Setelah mendapatkan data produk kategori dari marketplace shopee, yang telah saya tulis di Scraping kategori produk shopee. Selanjutnya di notes berikut mengenai bagaimana scraping produk per kategori.

Mencari API URL produk per kategori

  1. Buka shopee.co.id dengan browser, kemudian pilih salah satu kategory. setelah itu tekan ctrl + shift + i untuk membuka tool inspect.
  2. Klik tab network, urutkan kolum tipe di tabel hasil pencarian, cari baris yang memiliki tipe fetch.

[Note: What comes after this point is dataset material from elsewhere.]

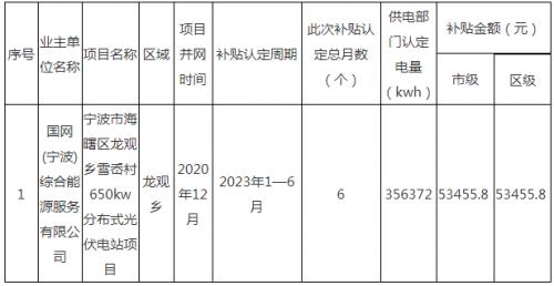根據(jù)《寧波市家庭屋頂光伏補(bǔ)貼專項資金管理暫行辦法》(甬發(fā)改能源〔2018〕36號)、《海曙區(qū)節(jié)能降耗專項資金管理辦法》(海發(fā)改〔2019〕36號)等文件精神,海曙區(qū)2023年上半年符合非自然人家庭屋頂光伏發(fā)電補(bǔ)貼項目共1個,總并網(wǎng)容量650kw,2023年上半年補(bǔ)貼發(fā)電周期為2023年1月1日至2023年6月30日,合計發(fā)電量356372千瓦時,需撥付補(bǔ)貼資金106911.6元(其中:市級補(bǔ)貼資金53455.8元,區(qū)級配套補(bǔ)助資金53455.8元)。

Kemudian cari API URL di kolom name yang mengembalikan data produk per kategori.

Inspect shopee produk item per kategori

Dari gambar diatas sudah didapatkan URL API untuk mendapatkan produk per kategori, guna melihat lebih jelas format JSON datanya, saya menggunakan postman.

postman produk per kategori

Memproses API URL untuk mendapatkan produk per kategori

  1. Requirement dan environment yang yang digunakan untuk melakukan scraping produk shopee sama seperti yang digunakan di note sebelumnya Scraping kategori produk shopee.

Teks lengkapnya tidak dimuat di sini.